After the Roe Act was overturned, the number of adolescent women sterilized doubled

Sophia Ferst remembers her reaction when she learned the Supreme Court had overturned Roe v. Wade: She had to sterilize herself.

Within a week, she asked her provider about performing the procedure.

Ferst, 28, said she always knew she didn’t want children. She also worries about becoming pregnant as a result of sexual violence and then losing access to abortion services. “It’s not a crazy idea anymore,” she said.

“I think kids are really frigid. I even see them in my therapy practice, but I understand that children require a lot of commitment,” she said.

In Montana, where Ferst lives, lawmakers passed several bills restricting access to abortion that were defeated in court. Forty-one states have bans or restrictions on abortion, according to the Guttmacher Institute, and in recent years anti-abortion groups have advocated for restrictions on access to contraception.

After Roe was rescinded in June 2022, doctors say a wave of adolescent people like Ferst have begun asking for constant contraception such as a tubal ligation, in which the fallopian tubes are removed, or a vasectomy.

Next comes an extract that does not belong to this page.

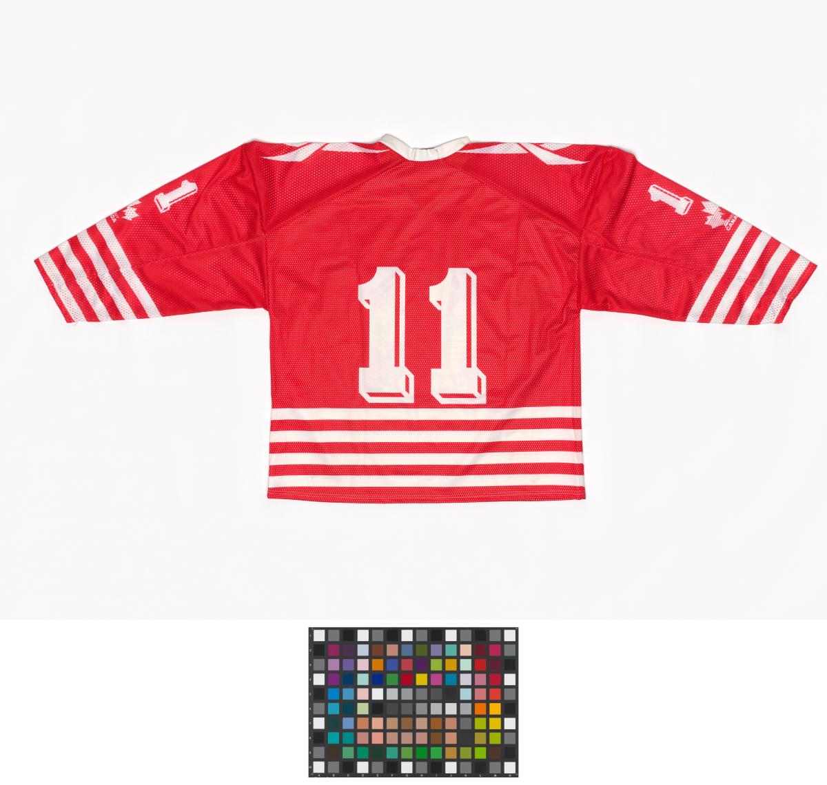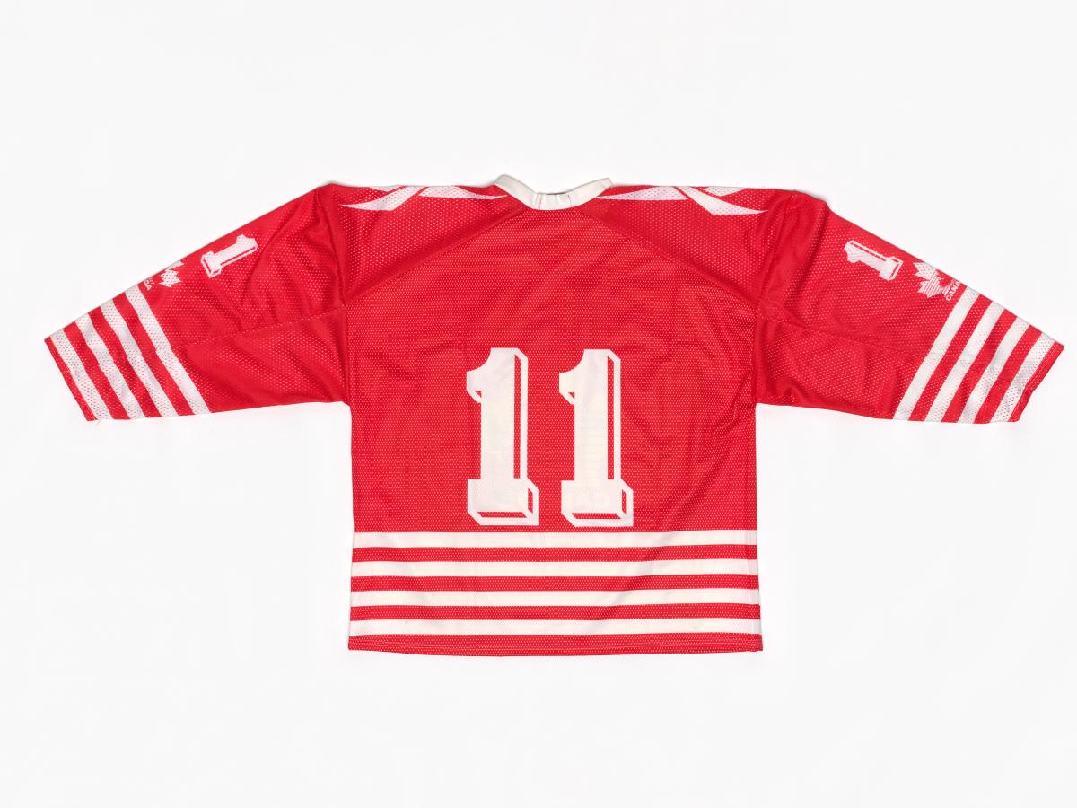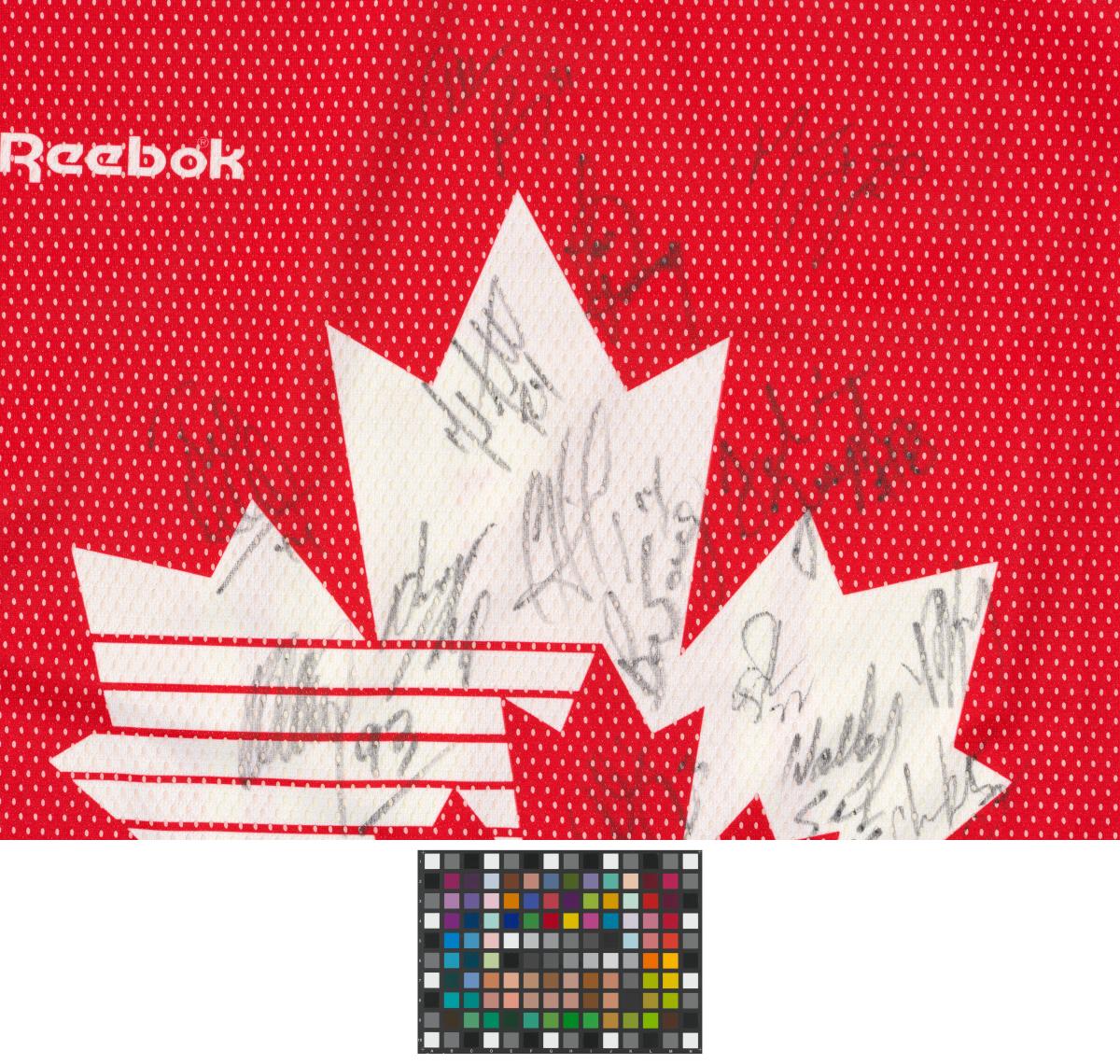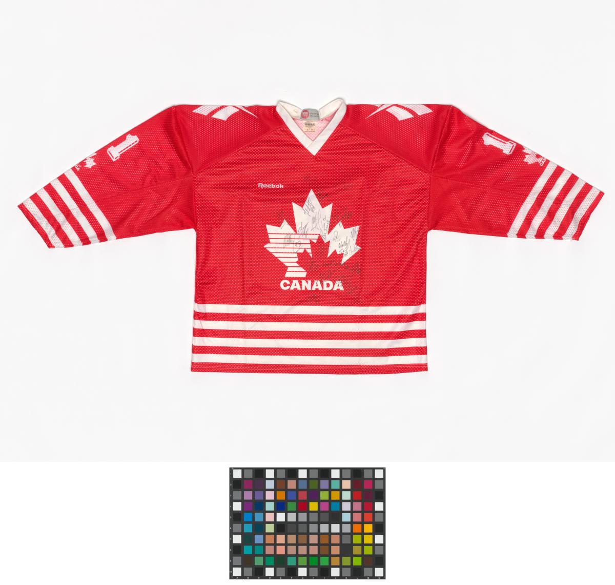 Lillehammer 1994, maillot de hockey de l'équipe canadienne, dédicacé par les joueurs.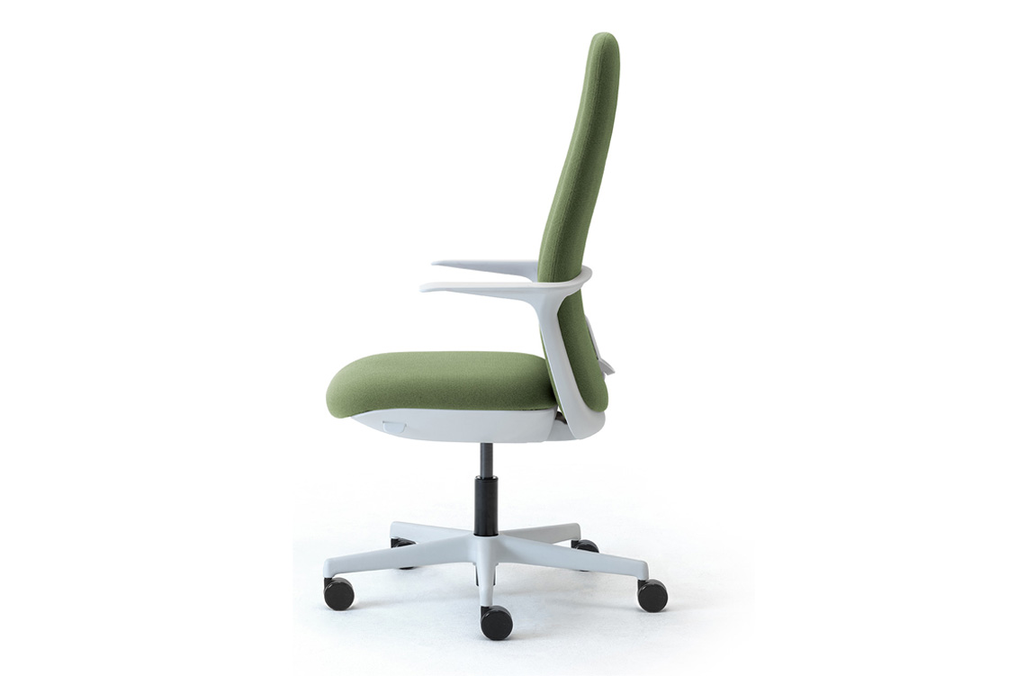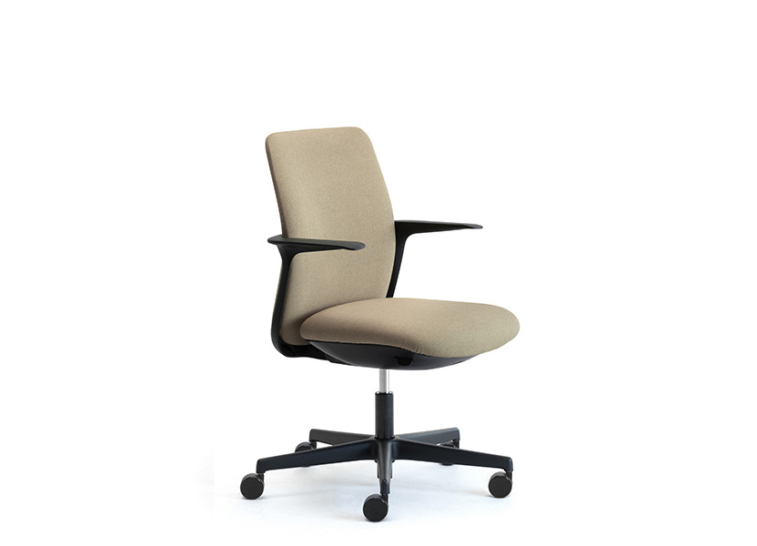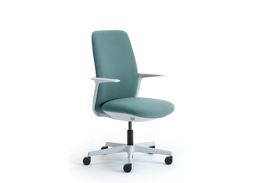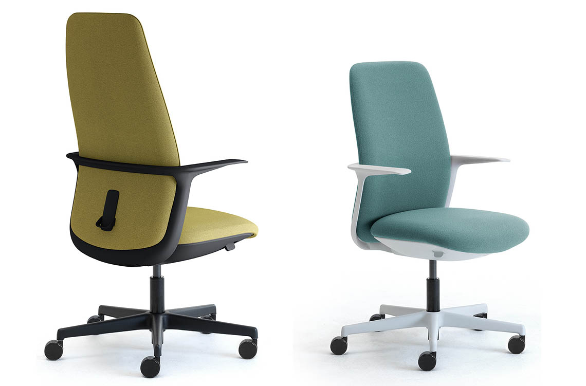 Aura está disponible con partes de plástico blanco o negro que, combinadas con los más de 300 colores para el tejido ignífugo reciclado y reciclable, el cuero ecológico, el cuero y la lana que hacen que el sillón sea adecuado para muebles de oficina y puestos de trabajo ejecutivos con un estilo único y personal.

Fresh research published this spring in JAMA Health Forum shows just how vast this wave of adolescent people is nationwide.

University of Pittsburgh researcher Jackie Ellison and her co-authors used TriNetX, a national medical records database, to track how many people between the ages of 18 and 30 were sterilized before and after the verdict. They found a piercing raise in sterilization in both men and women. Ellison said tubal ligations doubled from June 2022 to September 2023, and the number of vasectomies more than tripled during the same time period. Even with this raise, women are still sterilized at much higher rates than men. The number of vasectomies has stabilized at a recent, higher level, while the number of tubal ligations still appears to be increasing.

Tubal ligation among adolescent people has been slowly increasing over the years, but there has been a trend Dobbs v. Jackson Women’s Health Organization had a noticeable impact. “In response to this, we have seen quite a significant raise in the number of tubal ligations and vasectomies DobbsEllison said.

The data was not broken down by state. But at least in states like Montana, where the future of abortion rights is deeply uncertain, gynecologists and urologists say they’re noticing the phenomenon.

Gina Nelson, an obstetrician-gynecologist in Kalispell, Montana, said she is seeing women of all ages, with and without children, seeking sterilization because of the Supreme Court ruling. Dobbs decision.

She said the biggest change is in adolescent patients who do not have children seeking sterilization. She said it’s a huge change from when she started exercising 30 years ago.

Nelson said she believes she is better prepared to discuss the entire process now than she was in the 1990s, when she first asked the 21-year-old patient to be sterilized. “I wanted to respect her rights, but I also wanted her to consider some future scenarios,” she said, “so I actually had her write an essay for me, and then she brought it in, jumped through all the barriers, and I tied off her tubes.”

Nelson stated that she does not currently force patients to do so, but she still believes she has a responsibility to facilitate patients consider their requests deeply. Schedules time with patients to talk about the risks and benefits of all contraceptive options. She said she believes it will facilitate her patients make an informed decision about starting constant contraception.

The American College of Obstetricians and Gynecologists supports Nelson’s practice.

Louise King, an assistant professor of obstetrics at Harvard Medical School who helps lead ACOG’s ethics committee, said providers are increasingly coming around to the idea of ​​listening to their patients rather than deciding for them whether they can employ constant contraception because of age or have kids.

King said some adolescent patients who inquire about sterilization never pursue the procedure. She recalled one of her recent patients who decided against tubal ligation after King talked to them about the IUD.

“They were afraid of pain,” she added. However, after she assured the patient that she would be under anesthesia and would not feel pain, they decided to employ an intrauterine device – a reversible method of contraception.

Helena obstetrician Alexis O’Leary sees a difference between younger and older providers when it comes to female sterilization. O’Leary completed her residency six years ago. She said older doctors are more reluctant to sterilize younger patients.

“I regularly accept patients who are turned down by others because, ‘Oh, maybe you’d like to have children in the future.’ – You don’t have enough children. “Are you sure you want to do this? It’s not reversible,” she said.

This is what happened to Ferst the first time she tried to have her tubes tied.

She asked her doctor for it after about a year of wearing an IUD. Ferst remembers her OB-GYN asking her to bring her then-male partner and her parents to talk about whether she could be sterilized.

“I was shocked by it,” she said.

So Ferst stayed with her IUD. But uncertainty about abortion laws in Montana prompted her to ask again.

She found a younger obstetrician-gynecologist who agreed to sterilize her this year.

This article was reprinted from khn.orga nationwide newsroom dealing with broadly understood journalism about health issues and being one of the main operational programs of KFF – an independent source of health policy research, surveys and journalism.